Sembra che con l’incalzare di notizie, dichiarazioni e numeri che sostengono teorie in opposizione, il senno di molti si appresti a trasferirsi sulla luna. Le mascherine, grande presidio antivirus, no, servono a poco; lavarsi le mani spesso e fare molta schiuma, attenzione così facendo si distrugge la flora batterica che ci protegge; starsene ad almeno un metro di distanza dagli altri, ma uno sternuto arriva a molti più metri; assumere integratori che aiutano le difese immunitarie, attenzione possono sostenere il virus; c’è già un vaccino, repentinamente confezionato, ma si segnalano casi di pesante allergia.
Scienziati contro così come politici e governanti; e megadirettori e direttorini che colgono l’occasione per non dire niente davanti ai microfoni della televisione. Acronimi e sigle allineati in frasi senza affabilità che appaiono intimidazioni cattedratiche imperscrutabili da chiunque. Ogni giorno spuntano nomi sconosciuti che sono ai vertici della Sanità nazionale, tantissimi vertici che non hanno il desiderio di raggiungere accordi e lasciano nella familiare immobile indeterminatezza governo e chi deve dire sì o no. E l’Italia è la prima nazione al mondo nel rapporto morti Covid/abitanti, afferma la Johns Hopkins considerata la prima “università di ricerca” degli States. Con questo grande primato il tergiversare che ci ha tenuto trepidanti si è coagulato in un Natale e Capodanno di solitudine domiciliare: si potranno ospitare solo due persone adulte. Nel mio caso farò sedere a tavola mia figlia e mio genero, mio nipote rimarrà a guardarci dalla finestra; gli potremo passare piatti asportati. Forse questa perfidia è necessaria. Mah, mi sembra che sia stata presa la decisione adottata da settimane in alcuni bar da me frequentati: “chiuremu tutti cosi”.
Il puntuale bollettino quotidiano continua a seguire l’adagio mazarese “aisa di prua e abbassa di puppa”. Nuovi ricoveri morti terapie intensive e non. Tamponi. Il più gran numero di quelli effettuati ogni giorno in tutt’Italia si aggira attorno ai 200.000. La popolazione al 1 agosto scorso era di 59.991.186: dall’inizio della pandemia sono stati “tamponati” 24.482.190 (15 dicembre scorso), meno della metà degli italiani.
Mentre il combattimento ancora imperversa dall’Inghilterra, la perfida Albione, arriva a Roma il primo contagiato da una forma mutata del virus che più “ratto s’apprende”, del quale nulla si conosce, dichiarato “fuori controllo” e che – supposizioni – non dovrebbe resistere al vaccino.

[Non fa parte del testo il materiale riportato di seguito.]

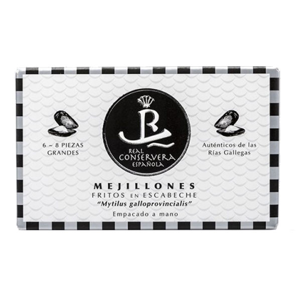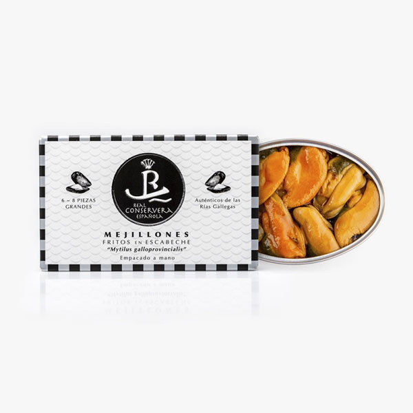 Mejillones cocidos, fritos en aceite de oliva y maridados con escabeche.

Chissà quali altri colpi di coda ci riserba questo crudele 2020. Possiamo allargare al mondo quello che Leonardo Sciascia attribuiva alla Sicilia: siamo in «una dimensione fantastica. Come si fa a viverci senza immaginazione?». E speriamo anche nella famosa immunità di gregge, magari guidato dai crasti che ci sono in ogni Paese.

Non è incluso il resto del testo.